WORK TASK
Up to and including the line that holds "皮薄馅厚,油重,是他家烧卖的", print the data exactly from its first line; do not print the pictures.

Records from a data source
──────────

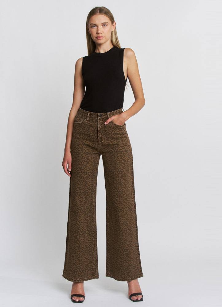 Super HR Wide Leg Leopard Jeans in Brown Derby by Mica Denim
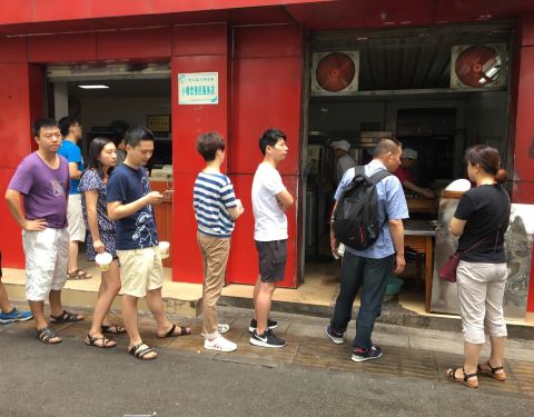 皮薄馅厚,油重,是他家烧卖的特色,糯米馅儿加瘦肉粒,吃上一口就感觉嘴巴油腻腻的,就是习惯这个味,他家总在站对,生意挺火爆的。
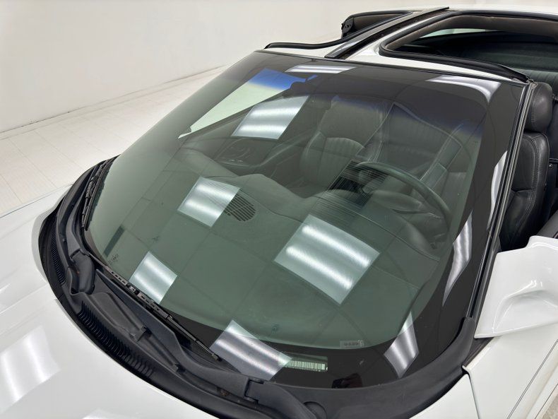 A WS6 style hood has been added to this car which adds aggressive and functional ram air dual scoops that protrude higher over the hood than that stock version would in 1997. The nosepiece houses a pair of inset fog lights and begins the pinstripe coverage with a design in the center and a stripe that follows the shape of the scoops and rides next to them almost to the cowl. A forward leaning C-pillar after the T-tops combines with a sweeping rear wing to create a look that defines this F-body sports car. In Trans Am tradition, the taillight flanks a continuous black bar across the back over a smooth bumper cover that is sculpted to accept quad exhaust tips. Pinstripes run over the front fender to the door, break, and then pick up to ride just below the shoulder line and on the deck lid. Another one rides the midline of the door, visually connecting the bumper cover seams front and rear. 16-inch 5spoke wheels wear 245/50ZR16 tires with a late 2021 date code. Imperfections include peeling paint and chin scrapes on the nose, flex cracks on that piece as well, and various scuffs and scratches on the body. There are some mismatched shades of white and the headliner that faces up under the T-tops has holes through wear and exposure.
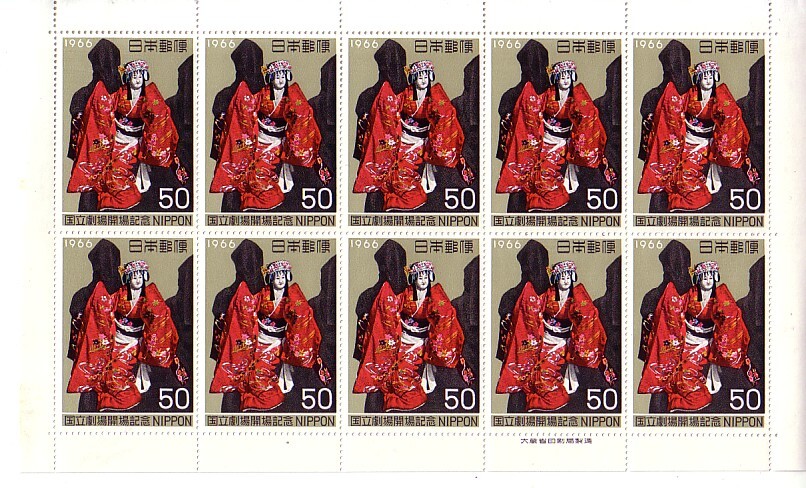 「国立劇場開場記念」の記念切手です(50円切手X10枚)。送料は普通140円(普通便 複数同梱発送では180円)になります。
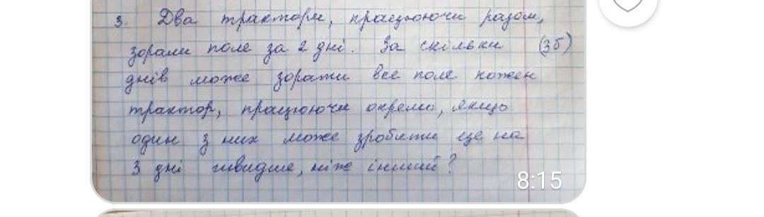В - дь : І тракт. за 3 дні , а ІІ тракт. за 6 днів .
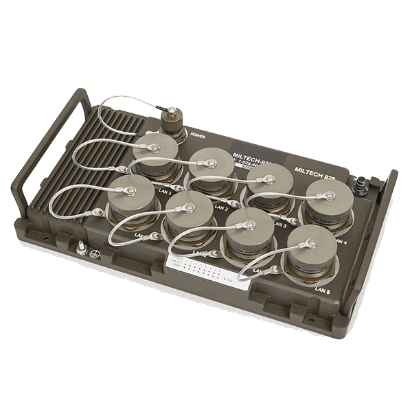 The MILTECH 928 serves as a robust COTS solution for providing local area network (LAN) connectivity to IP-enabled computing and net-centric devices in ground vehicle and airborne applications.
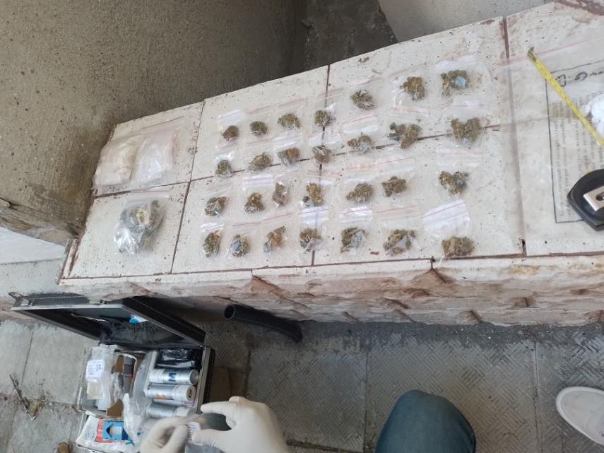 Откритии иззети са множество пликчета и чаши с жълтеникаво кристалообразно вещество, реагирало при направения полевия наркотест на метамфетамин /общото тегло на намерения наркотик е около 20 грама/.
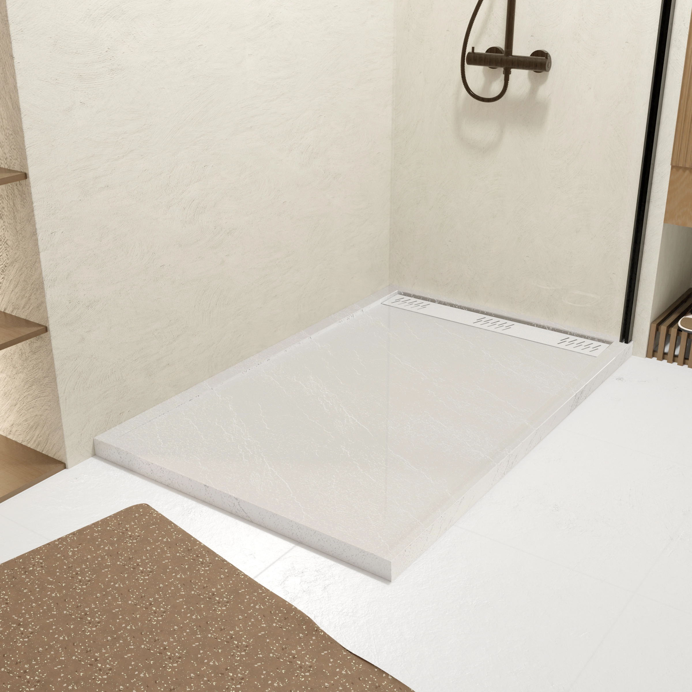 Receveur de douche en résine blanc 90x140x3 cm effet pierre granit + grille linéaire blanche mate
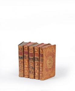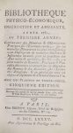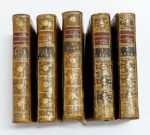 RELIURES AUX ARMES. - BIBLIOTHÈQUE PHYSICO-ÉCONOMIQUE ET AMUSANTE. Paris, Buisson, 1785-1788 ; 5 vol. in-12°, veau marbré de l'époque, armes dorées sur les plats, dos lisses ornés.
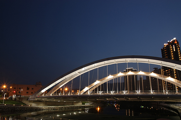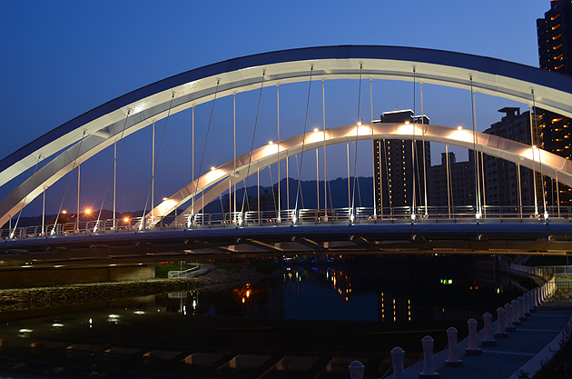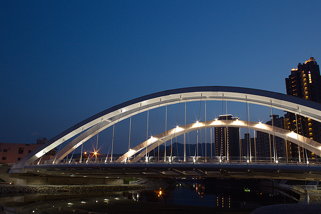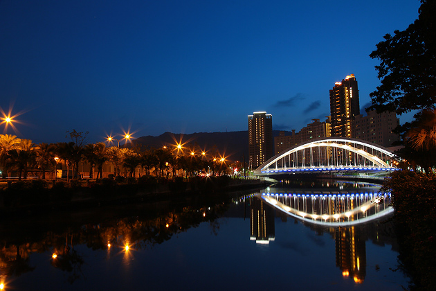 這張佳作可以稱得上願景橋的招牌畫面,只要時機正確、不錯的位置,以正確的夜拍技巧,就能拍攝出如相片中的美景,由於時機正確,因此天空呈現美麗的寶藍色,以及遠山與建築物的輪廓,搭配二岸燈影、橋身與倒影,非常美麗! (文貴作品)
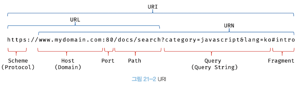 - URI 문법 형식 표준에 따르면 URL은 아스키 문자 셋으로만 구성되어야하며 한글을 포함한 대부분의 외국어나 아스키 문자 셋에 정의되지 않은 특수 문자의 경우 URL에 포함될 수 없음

──────────

WRITTEN RESPONSE
 Super HR Wide Leg Leopard Jeans in Brown Derby by Mica Denim
 皮薄馅厚,油重,是他家烧卖的特色,糯米馅儿加瘦肉粒,吃上一口就感觉嘴巴油腻腻的,就是习惯这个味,他家总在站对,生意挺火爆的。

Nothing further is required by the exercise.